Nieporównywalnie trudniejszym rywalem będzie FC Saarbruecken, z którym Dartom Bogoria przegrał u siebie 2:3, mimo że prowadził 2:1. W ostatnim pojedynku Badowski uległ 0:3 Chińczykowi Shang Kunowi, który w poprzednim sezonie występował w Dekorglassie Działdowo. We wcześniejszych grach punkty dla mistrzów Polski wywalczyli Gionis i Sirucek, a po dwa punkty dla niemieckiego klubu sięgnął Patrick Franziska.

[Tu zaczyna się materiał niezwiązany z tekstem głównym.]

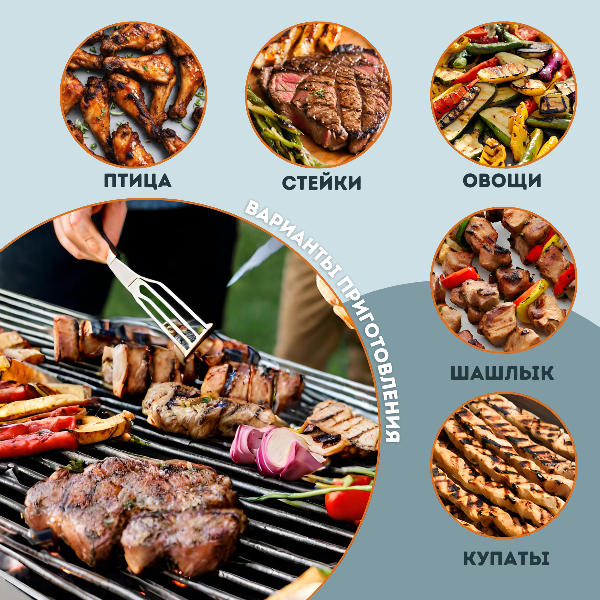 | Особенности | колёса / крышка / переносной / поддон для сбора жира / решетка / столик / термометр |

W rankingu światowym Franziska zajmuje 15. miejsce i jest liderem FC Saarbruecken. W piątek wystąpił w meczu Bundesligi z TTF Liebherr Ochsenhausen (3:2) i w singlu po pięciosetowej potyczce pokonał Simona Gauzy'ego; z kolei Polak zdobył dwa "oczka", wygrał m.in. z Shang Kunem 3:0. W niedzielę z kolei zabrakło niemieckiego pingpongisty w spotkaniu z Borussią Duesseldorf (1:3). Zagrali Shang Kun, Cristian Pletea i Tomas Polansky.
W poprzednim sezonie Dartom Bogoria także rywalizował w fazie grupowej z niemieckim rywalem i dwukrotnie triumfował – 3:0 i 3:2. Jeśli zwycięży we wtorek, triumfuje w gr. C i w losowaniu par ćwierćfinałowych nie trafi na potentatów, jak Fakieł Gazprom Orenburg, UMMC Jekaterynburg i Borussię.
- W Champions League marzymy o upragnionym półfinale, bowiem już kilka razy byliśmy w ósemce - powiedział w niedawnym wywiadzie dla trener mistrzów Polski Tomasz Redzimski.
Coraz częściej na ławce rezerwowych seniorskiego zespołu pojawia się syn szkoleniowca, 13-letni Miłosz Redzimski. W niedzielę w imponującym stylu wygrał Grand Prix Polski juniorów w Ostródzie. Zwyciężył we wszystkich ośmiu meczach, a jego bilans setów wyniósł... 35-0.
W rozgrywkach 2019/2020 Champions League klub z Grodzisk Mazowieckiego po dwa razy po 3:0 pokonał GDCS Juncal i francuski Ping Pong Club Villeneuvois.